• Supplied information
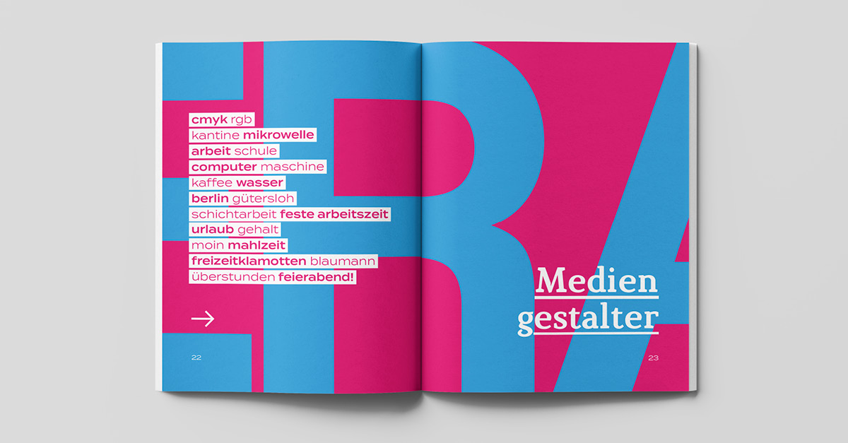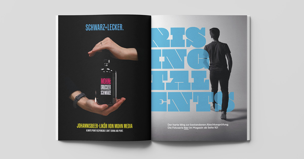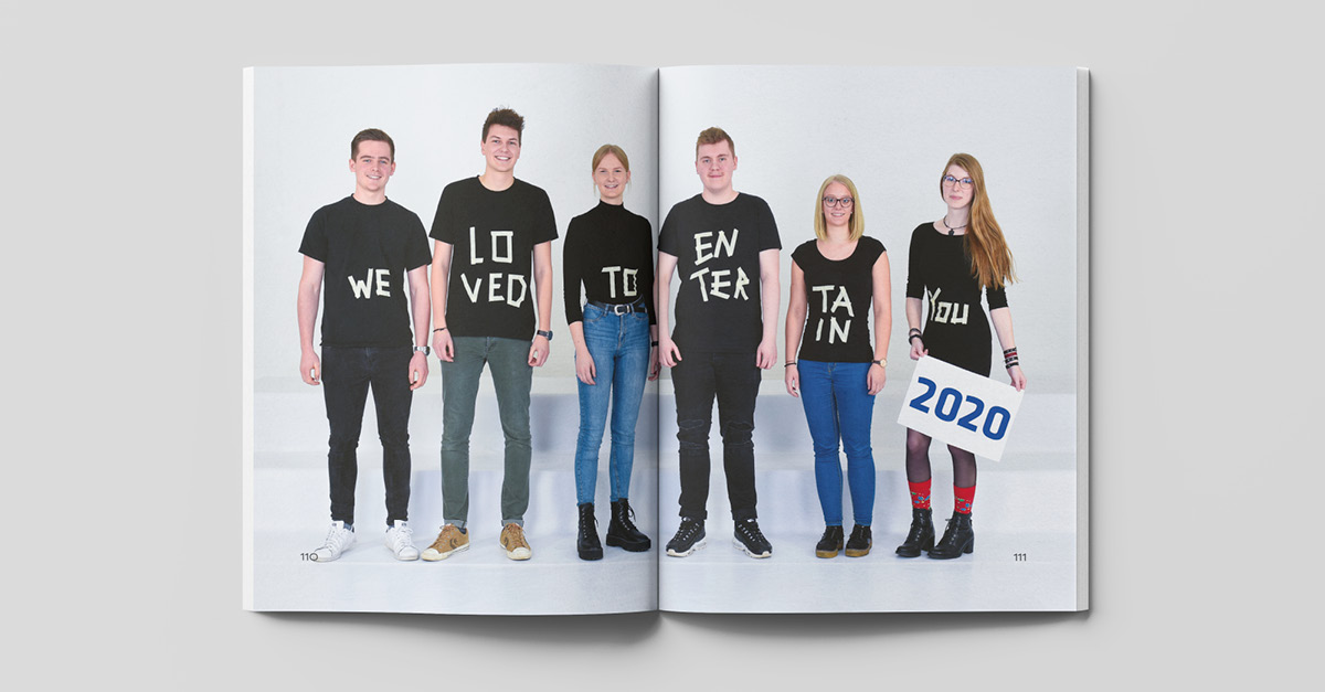 Traditionell haben wir zusammen mit unserer Stufe ein Abschlussbuch über unsere gemeinsame Zeit herausgebracht. Um genau zu sein und unser in der Ausbildung erlangtes Wissen hervorzuheben, handelt es sich in unserem Fall gar nicht um ein Buch, sondern eher ein hochwertiges Magazin. Von der Idee ähnelt es einer üblichen Abi-Zeitung – bloß kommt bei uns jedes kleinste Detail ganz allein aus der Hand der Azubis. Schließlich sind wir hier in einer Druckerei!
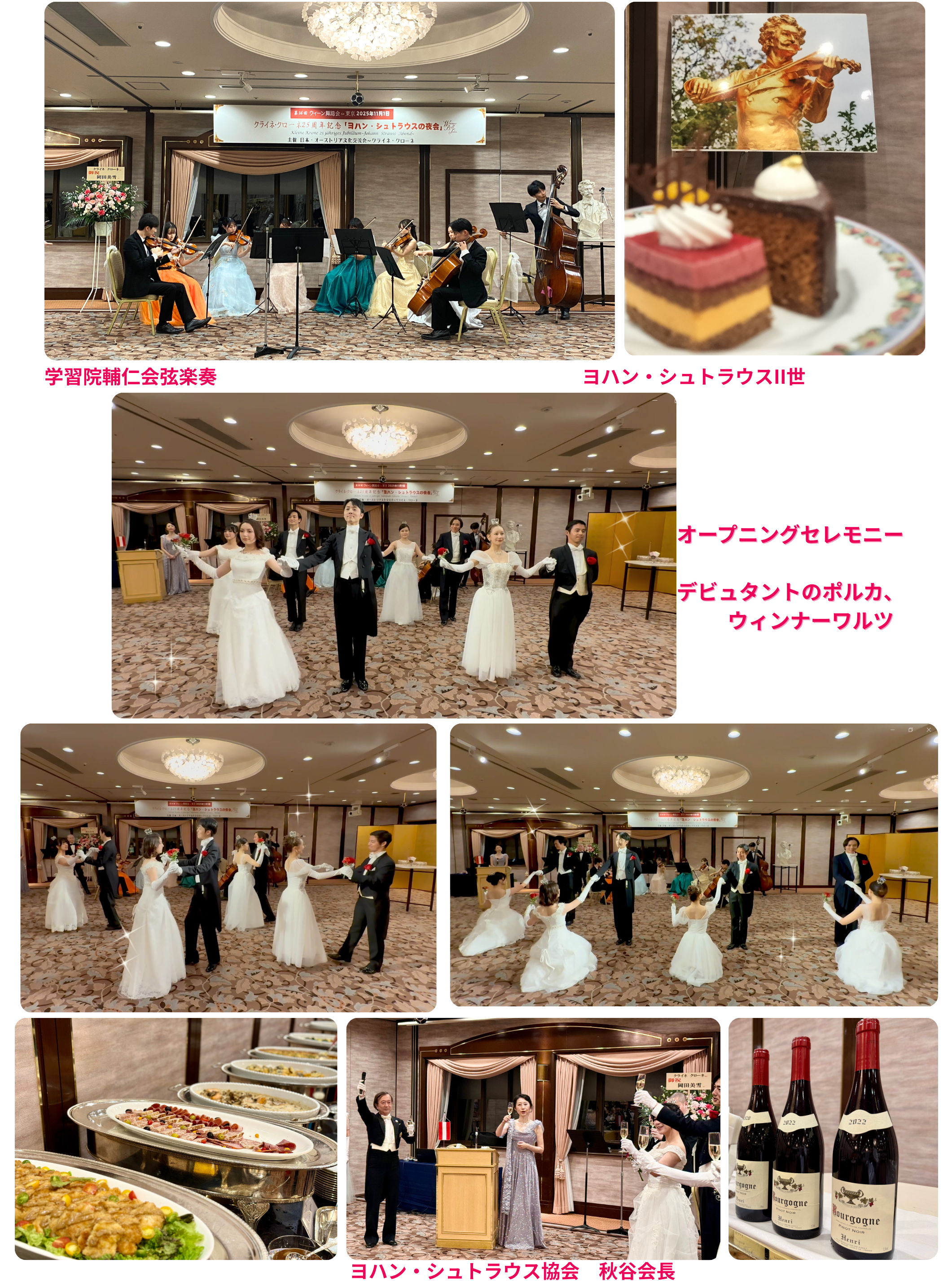 この「夜会」のために、万博出演時のたくさんの写真をパネルに作ってきて下さった秋谷会長、10年以上に渡りこの「夜会」で演奏をしてきて下さった学習院輔仁会弦楽の皆さん、コーディネートの塩入君、ウィンナーワルツをご披露下さった4組の皆様、そして感動的に美しかったデビュタントの方々、皆様のご協力で今年も華やかな非日常の開催ができました。
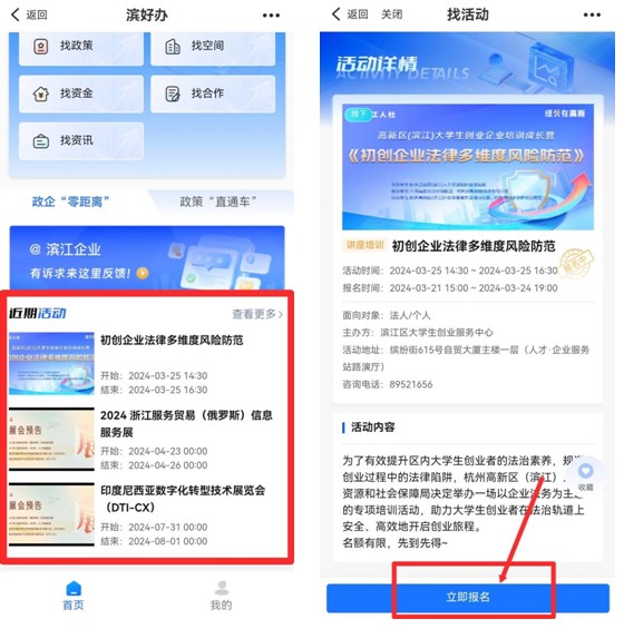 同樣的,在手機端操作也很方便哦,打開“浙里辦”登陸“濱好辦”,活動報名一手掌握。
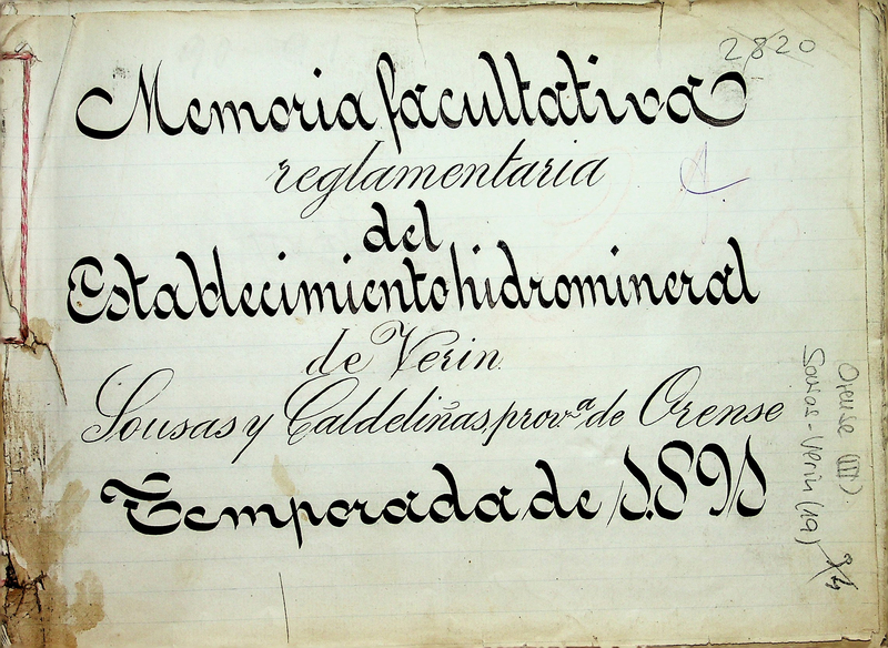 Memoria facultativa reglamentaria del establecimiento hidromineral de Verin Sousas y Caldeliñas, prova. de Orense : temporada de 1891

• About this task
Return the listing unchanged, but drop every picture.

• Exercise output
 Traditionell haben wir zusammen mit unserer Stufe ein Abschlussbuch über unsere gemeinsame Zeit herausgebracht. Um genau zu sein und unser in der Ausbildung erlangtes Wissen hervorzuheben, handelt es sich in unserem Fall gar nicht um ein Buch, sondern eher ein hochwertiges Magazin. Von der Idee ähnelt es einer üblichen Abi-Zeitung – bloß kommt bei uns jedes kleinste Detail ganz allein aus der Hand der Azubis. Schließlich sind wir hier in einer Druckerei!
 この「夜会」のために、万博出演時のたくさんの写真をパネルに作ってきて下さった秋谷会長、10年以上に渡りこの「夜会」で演奏をしてきて下さった学習院輔仁会弦楽の皆さん、コーディネートの塩入君、ウィンナーワルツをご披露下さった4組の皆様、そして感動的に美しかったデビュタントの方々、皆様のご協力で今年も華やかな非日常の開催ができました。
 同樣的,在手機端操作也很方便哦,打開“浙里辦”登陸“濱好辦”,活動報名一手掌握。
 Memoria facultativa reglamentaria del establecimiento hidromineral de Verin Sousas y Caldeliñas, prova. de Orense : temporada de 1891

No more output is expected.